Use the Pandas library to do statistics on tabular data.
- Pandas is a widely-used Python library for statistics, particularly on tabular data.
- Borrows many features from R’s dataframes.
- A 2-dimensional table whose columns have names and potentially have different data types.
- Read a Comma Separated Values (CSV) data file with
pandas.read_csv.- Argument is the name of the file to be read.

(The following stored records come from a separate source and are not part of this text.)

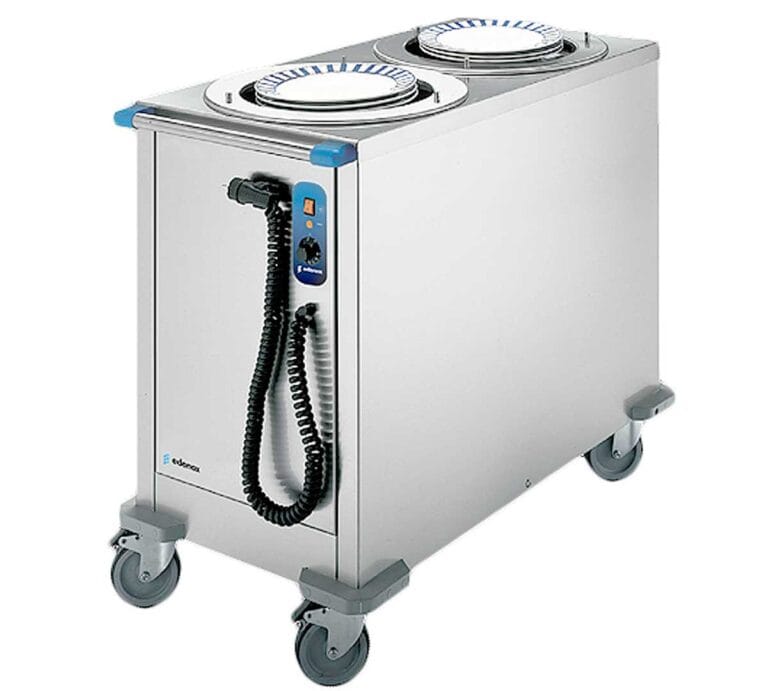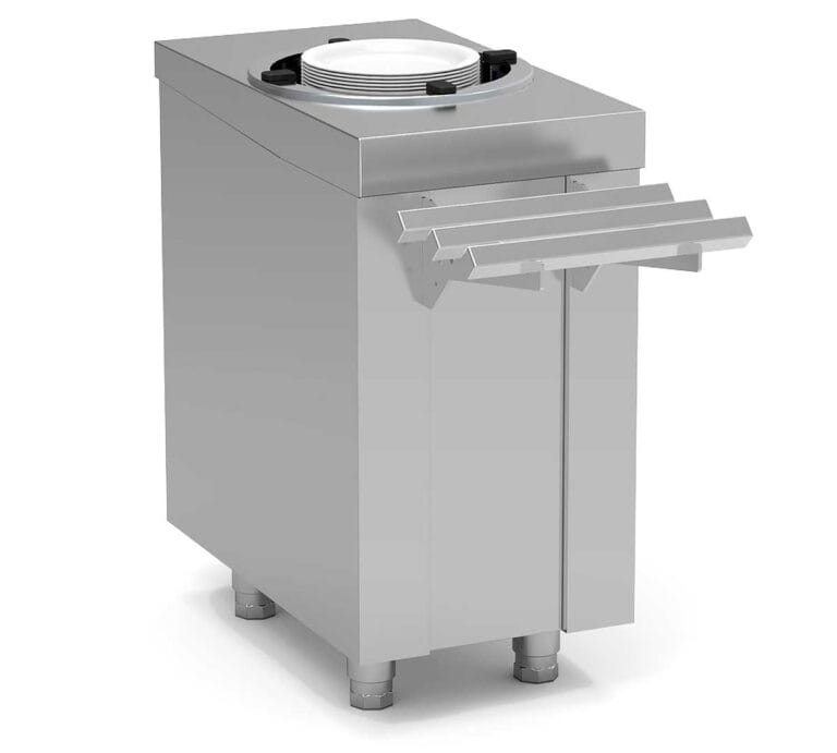 Armario calienta platos fabricado en acero inoxidable. Tiene un estante intermedio ajustable y una puerta. Para platos con un diámetro máximo de 32 cm. El rango de temperatura es de 30 a 85 ºC.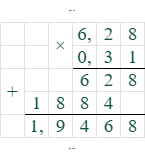 $C = 2 \times 3,14 \times 0,31$ дм = $6,28 \times 0,31$ дм = $1,9468$ дм.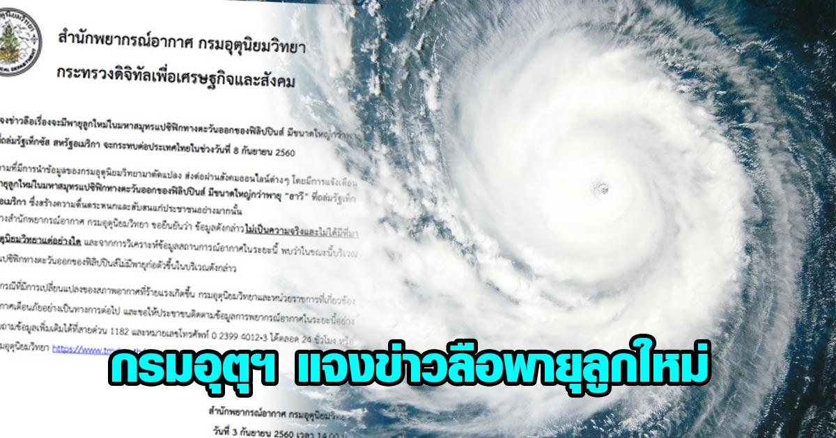 กรมอุตุฯ แจงข่าวลือพายุลูกใหม่รุนแรงกว่า "พายุฮาวี" กระทบไทย 8 ก.ย. นี้

- Returns a dataframe that you can assign to a variable
import pandas
data_clcd = pandas.read_csv('2026-01_canadian-library-challenges-database_SUBSET.csv')
print(data_clcd)
Item Challenged ... Action Taken
0 Being you ... Retained
1 Being you ... Retained
2 Being you ... Retained
3 Clifford's halloween ... Retained
4 Clifford's halloween ... Removed
.. ... ... ...
105 This book is gay ... Retained
106 This book is gay ... Retained
107 This book is gay ... Retained
108 This book is gay ... Removed
109 This book is gay ... Retained
[110 rows x 11 columns]
- The columns in a dataframe are the observed variables, and the rows are the observations (books).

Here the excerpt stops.